From him, it is a constant stream of quotes from a PSOne game called Abe's Oddysee and an equally ancient PC game called The Neverhood, interspersed with a few strings of gibberish that sound like he's trying to order Mandarin Dinner #2 very intently.
If you've never played those games, this bears a little explanation. Abe's Oddysee is a 2D platformer/puzzler with an element of Lemmings that came out for the original Playstation. In a design that was years ahead of its time, our enslaved Abe has to not only negotiate the deadly puzzles of Rupture Farms for his own freedom, he also has to rescue his fellow workers and needs their cooperation and good will to do it. This wasn't optional — if you don’t rescue them and/or you piss them off, the rest of your people won't help you when you face the big ugly thing at the end.
There is a full set of commands for Abe to use when asking his fellow workers to do stuff, like Wait or Follow Me, so they can help solve the puzzles. There’s another set of commands to let you hang with the gang, like laughing at their jokes or making farting noises to make them laugh at you, or an angry noise that reminds me of a bumblebee at 3000 RPMs, for when Abe’s friends need a smackdown.
As my son plays Amoebattles, for every "Wait" or "Follow Me" there are several of the angry noises and strings of mangled Chinese. As he gets used to the game's nuances (and it actually has some), the percentage of angry noises fades and in their place we start to get silly noises from Klaymen, like the rendition of the last line of Pop Goes the Weasel as my son drops an omnivorous hammer on some naughty flagellate or other.
My references come from my gaming roots in arcades and with early PCs. His come from growing up with his own games. Abe and Klaymen hit him (and all my gang) right in that sweet spot to be imprinted into their gaming reference lexicon, the same way Blue Elf's need for food is imprinted in mine.
For all our common ground, we each have our own perspective and make our own connection to the same events in Amoebattles. Over the years we have shared enough of these experiences that I understand most of the jokes he makes, but not all of them. He pulls out a couple pompous pronouncements I bet came out of Warhammer 40,000: Space Marine, but since I haven't played it yet myself I'm not sure.
Those jarring bits of confusion in this sea of common ground make me think about our experiences as gamers and the gaming industry as a whole. A lot of the conversation about any given game is based on comparison between it and various other games. Take any game and try to talk to someone else about it, and on top of the myriad other differences of perspective and preference involved, we add a different dialect. The very root concepts I am thinking about would be difficult to communicate to someone who never played or didn't click with the other games I’d compare with.

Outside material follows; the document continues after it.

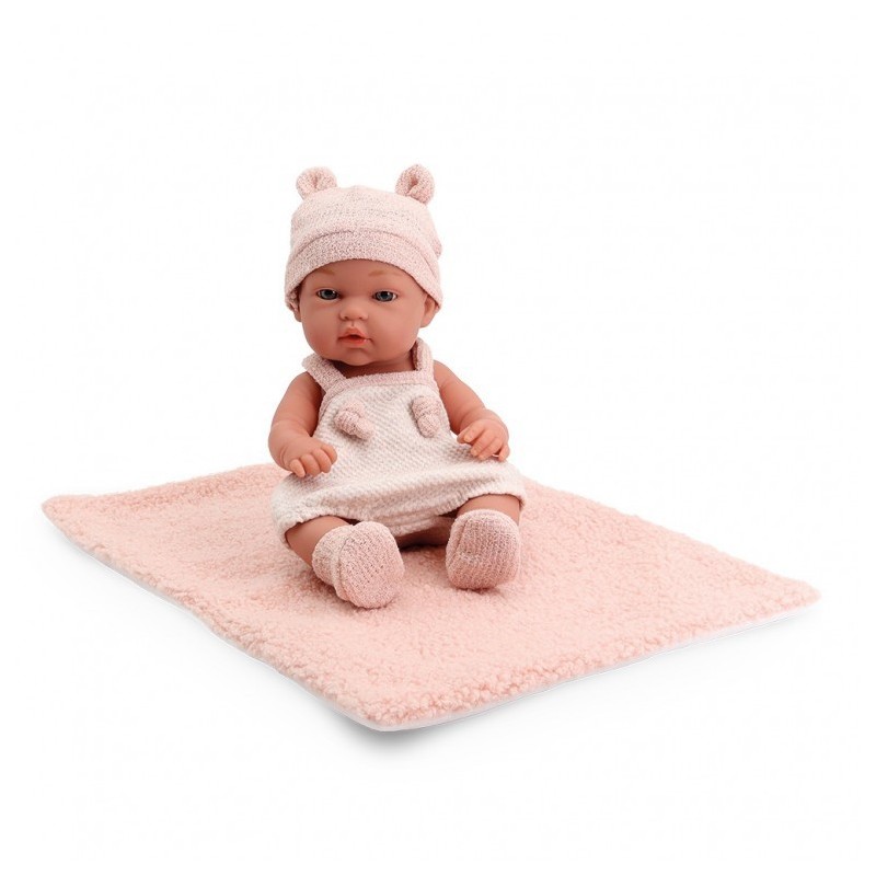 Edad recomendad: +3 años. Bebé 30 cm con conjunto de punto: gorrito, peto y botitas. Se trata de un bebé único ya que el molde es propio y por lo tanto exclusivo. El objetivo era crear un bebé con facciones muy realista, ojos claros, tez morena, pero, sobre todo, de una calidad exquisita. Este pequeño bebé es un regalo perfecto para todos aquellos niños o niñas que tienen pasión por cuidar a los más pequeños y desean tener un hermanito. Incluye una mantita para que él bebe no pase frio.

How much rancor and dissention in our common discourse is caused by this sort of basic miscommunication? How much time do we spend talking past each other like Captain Picard trying to talk to Dathon the Tamarian? We're all using the same words, but the base meaning is different. We may not even realize just how different. We think we're being clear, but all too often all we get back is Darmak and Jalad at Tanagra, and we're left nonplussed.
These thoughts occupy me for many miles while he completely drains my iPad battery trying to take over that tiny little world. Yes, I mentioned above I'm weird. And it's amazing the lengths my brain will go to in order to avoid thinking about things it doesn't want to when it's stuck stewing in its own juices on a long drive. And even when this trip is over, I'm going to keep thinking about it. Building connections, and keeping them true and strong, is very important.